The maturing follicle tells your body to produce a metric butt ton of estrogen, causing the lining of your uterus, or the endometrium, to grow and thicken.

Ovulation is when the matured egg is released through the fallopian tube and waits, hoping to be fertilized. After about 24 hours, if the egg does not get what it wants, then it will die and dissolve, which is a mood.

Finally, the luteal phase raises your hormones to keep the endometrium ready for the fertilized egg. If you are not pregnant, your estrogen and progesterone levels decrease causing the menstrual phase, and thus the cycle of blood and babies continues.

Okay so now that we understand the cycle, let’s talk more about Endometriosis.
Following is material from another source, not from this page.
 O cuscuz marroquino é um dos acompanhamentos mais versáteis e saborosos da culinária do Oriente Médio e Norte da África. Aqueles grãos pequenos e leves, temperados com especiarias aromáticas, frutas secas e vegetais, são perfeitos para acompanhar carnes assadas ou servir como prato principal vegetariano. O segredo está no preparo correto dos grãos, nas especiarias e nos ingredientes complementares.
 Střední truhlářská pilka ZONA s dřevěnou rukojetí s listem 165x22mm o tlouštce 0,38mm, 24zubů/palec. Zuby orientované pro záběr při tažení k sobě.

Remember the endometrium we talked about? The blood and tissue pillows for the tiny egg baby? Well that lovely stuff sometimes grows where it’s not supposed to, and no one knows why. There are theories of course: that it’s genetic, that it’s due to hormone abnormalities, it’s retrograde menstrual flow, etc. However, despite every male doctor I’ve ever seen ‘knowing exactly what’s wrong’ with me, the mystery surrounding endometriosis continues.

As you can see in this lovely diagram, the female reproductive organs are surrounded by parts of the digestive system. When the endometrium grows outside of the uterus, it can latch onto the ovaries, fallopian tubes, colon, bladder, and even grow as deep as attaching to the fascia in deep muscle tissue.
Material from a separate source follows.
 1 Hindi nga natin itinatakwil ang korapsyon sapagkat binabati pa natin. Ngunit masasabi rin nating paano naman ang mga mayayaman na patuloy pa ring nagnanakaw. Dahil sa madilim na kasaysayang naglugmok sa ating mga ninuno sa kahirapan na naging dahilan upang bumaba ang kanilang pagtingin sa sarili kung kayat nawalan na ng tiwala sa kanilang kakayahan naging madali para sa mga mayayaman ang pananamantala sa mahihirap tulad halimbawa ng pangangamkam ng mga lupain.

So, why is this a problem? First, this is tissue that should not be where it’s growing. The body is smart, and knows that it isn’t supposed to be there, so it does what it does best; it fights the invaders. Your body is constantly at war with itself. Then, during the luteal phase going into the menstrual phase of the cycle, hormones are going through your brain telling that endometrium to shed itself, so it does, but it has nowhere to go, so wherever that extra endometrium is hanging out there’s engorged tissue and extra blood on top of all the cells fighting each other.

But Alex, it’s just a bit of extra tissue! Why is this such an issue?

Unfortunately, women’s health issues have always been put on the back burner as far as the medical community is concerned. So the pain is often written off as PMS, or “women having a lower pain tolerance than men”, again something I have heard repeatedly from my doctors. Endometriosis is not visible via ultrasound as it just looks like tissue. The only way to see that it is endometrium is to actually open up the pelvic cavity and look inside. Yup. It’s only diagnosable through surgery.

The pain experienced every day, and then those special excruciating moments during menstruation, differ with each person. For me, the every day pain can be as mild as annoying cramps, (like a charlie-horse in my pelvis), to feeling like I’ve angered an ancient Samurai spirit who is stabbing me repeatedly while simultaneously squeezing my insides with a hand made entirely out of razor blades.

Treatment

Being a chronic illness, and one that has yet to be fully studied, endo has no cure. There are a few different treatment plans, but nothing long term. Even getting a hysterectomy, surgery to remove the uterus, does not make the endometriosis go away. Some people go into surgery to have some of the extra endometrium removed, but this comes with its own side effects. Like all surgery, it’s risky, and there’s no guarantee you can remove the endometrium. It’s like removing a sticker from paper. You can get rid of it, but it’s going to either leave something behind, or take something with it. And the endometrium usually grows back within a years time.

Endometriosis is a little known illness, yet it affects about 176 million people worldwide. While there is currently no cure, and very few effective treatment plans, I have hope that we will one day get to the bottom of this illness. Because this illness might be strong, but we are stronger.

en·do·me·tri·o·sis

/endōˌmētrēˈōsəs/

noun- a condition in which the patient, while suffering from chronic pain, fatigue, increased anxiety and depression, inflammation, and scaring, still manages to be a kick ass, totally awesome, Worry Warrior.